* Exercise directions
Restate word for word the lines of the listing below, from its first line through the line with "Экспресс-тесты, позволяющие узнать", without the pictures.

* Data section
----

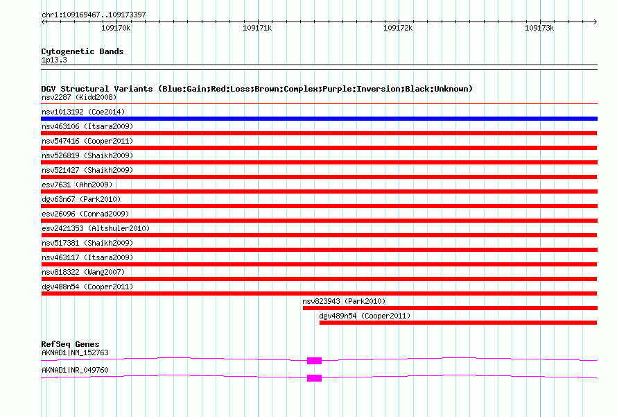 Variant DetailsVariant: nssv655959| Internal ID | 15045925 | | Landmark | | | Location Information | | | Cytoband | 1p13.3 | | Allele length | | Assembly | Allele length | | hg38 | 3931 | | hg19 | 3931 | | hg18 | 3931 | | hg17 | 3931 |
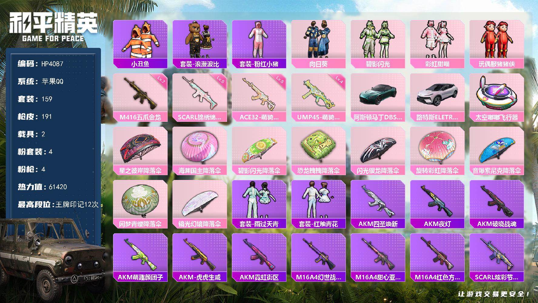 【HP4087】159套装/枪械4/装备209/载具2/战备143/王牌印记12/热力值61420/五级SCAR-L-锦绣绵绵/七级M416-五爪金龙/五级ACE32-萌骑漫游/四级UMP45-萌骑冒险/套装-小丑鱼/套装-浪漫波比/套装-粉红小猪/粉装-向日葵/粉装-碧影闪光/粉装-彩虹甜喵/玩偶服-猪猪侠/阿斯顿马丁DBS(绿)/路特斯ELETRE(花绽灰)/SCAR-L-锦绣绵绵/M416-五爪金龙/ACE32-萌骑漫游/UMP45-萌骑冒险/太空嘟嘟飞行器/星之彼岸降落伞/海渊国主降落伞
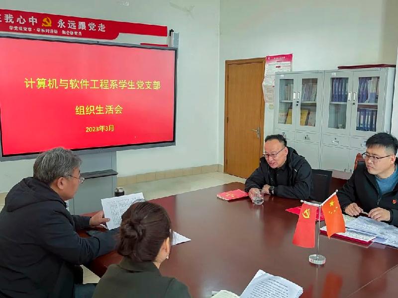 為進(jìn)一步深入學(xué)習(xí)貫徹黨的二十大精神,堅(jiān)持不懈用習(xí)近平新時(shí)代中國(guó)特色社會(huì)主義思想凝心鑄魂,3月24日,計(jì)算機(jī)與軟件工程系學(xué)生黨支部在綜合樓504 ,按要求相繼召開(kāi)組織生活會(huì)并開(kāi)展民主評(píng)議黨員。會(huì)議由支部組織委員李榮輝主持,系黨總支書(shū)記邢衛(wèi)兵、副書(shū)記劉學(xué)蒞臨現(xiàn)場(chǎng)指導(dǎo),學(xué)生黨支部全體黨員參加。
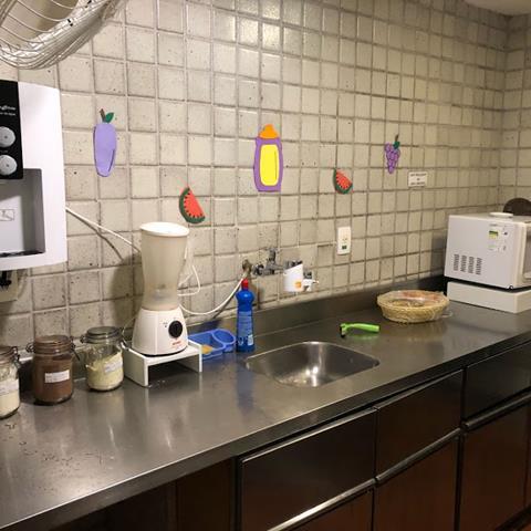 Também ficam disponíveis frutas e filtro de água, além de um liquidificador para as vitaminas.
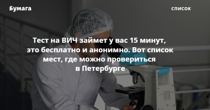 Экспресс-тесты, позволяющие узнать статус с точностью до 98 %, занимают не более 15 минут. Их делают бесплатно и анонимно. Специалисты рекомендуют сдавать анализы на вирус раз в полгода-год. «Бумага» публикует список мест, где можно провериться на ВИЧ в Петербурге.
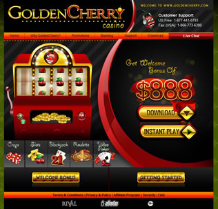Though we do not often dabble in Rival casinos, Golden Cherry Casino has made the cut. As one of the Rival Casinos, Golden Cherry provides some of the hottest games online. Golden Cherry gives their players access to all of Rival's famous slots, many of which carry interesting video and mini-games. Table games are all inclusive, ranging from casino poker to blackjack, as well as roulette, craps and more. Golden Cherry has over 85 games in total, providing players with more fun than even some of the better land based casinos out there.
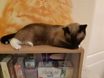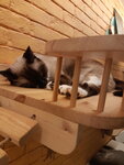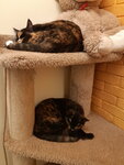 Котики забавные, мирные (всего их 15), но все почти спали (дневной тихий час), удалось поиграть только с несколькими, поскольку девушка запретила других будить, только гладить (что тоже понятно). Уставшая на вид девушка напоила нас чаем с печеньками. Одно существенное "но" и почему больше не вернемся туда - очень яркий запах кошачьих испражнений как шибанул в нос при входе, так потом долго ещё преследовал(.

----

* Exercise result
 Variant DetailsVariant: nssv655959| Internal ID | 15045925 | | Landmark | | | Location Information | | | Cytoband | 1p13.3 | | Allele length | | Assembly | Allele length | | hg38 | 3931 | | hg19 | 3931 | | hg18 | 3931 | | hg17 | 3931 |
 【HP4087】159套装/枪械4/装备209/载具2/战备143/王牌印记12/热力值61420/五级SCAR-L-锦绣绵绵/七级M416-五爪金龙/五级ACE32-萌骑漫游/四级UMP45-萌骑冒险/套装-小丑鱼/套装-浪漫波比/套装-粉红小猪/粉装-向日葵/粉装-碧影闪光/粉装-彩虹甜喵/玩偶服-猪猪侠/阿斯顿马丁DBS(绿)/路特斯ELETRE(花绽灰)/SCAR-L-锦绣绵绵/M416-五爪金龙/ACE32-萌骑漫游/UMP45-萌骑冒险/太空嘟嘟飞行器/星之彼岸降落伞/海渊国主降落伞
 為進(jìn)一步深入學(xué)習(xí)貫徹黨的二十大精神,堅(jiān)持不懈用習(xí)近平新時(shí)代中國(guó)特色社會(huì)主義思想凝心鑄魂,3月24日,計(jì)算機(jī)與軟件工程系學(xué)生黨支部在綜合樓504 ,按要求相繼召開(kāi)組織生活會(huì)并開(kāi)展民主評(píng)議黨員。會(huì)議由支部組織委員李榮輝主持,系黨總支書(shū)記邢衛(wèi)兵、副書(shū)記劉學(xué)蒞臨現(xiàn)場(chǎng)指導(dǎo),學(xué)生黨支部全體黨員參加。
 Também ficam disponíveis frutas e filtro de água, além de um liquidificador para as vitaminas.
 Экспресс-тесты, позволяющие узнать статус с точностью до 98 %, занимают не более 15 минут. Их делают бесплатно и анонимно. Специалисты рекомендуют сдавать анализы на вирус раз в полгода-год. «Бумага» публикует список мест, где можно провериться на ВИЧ в Петербурге.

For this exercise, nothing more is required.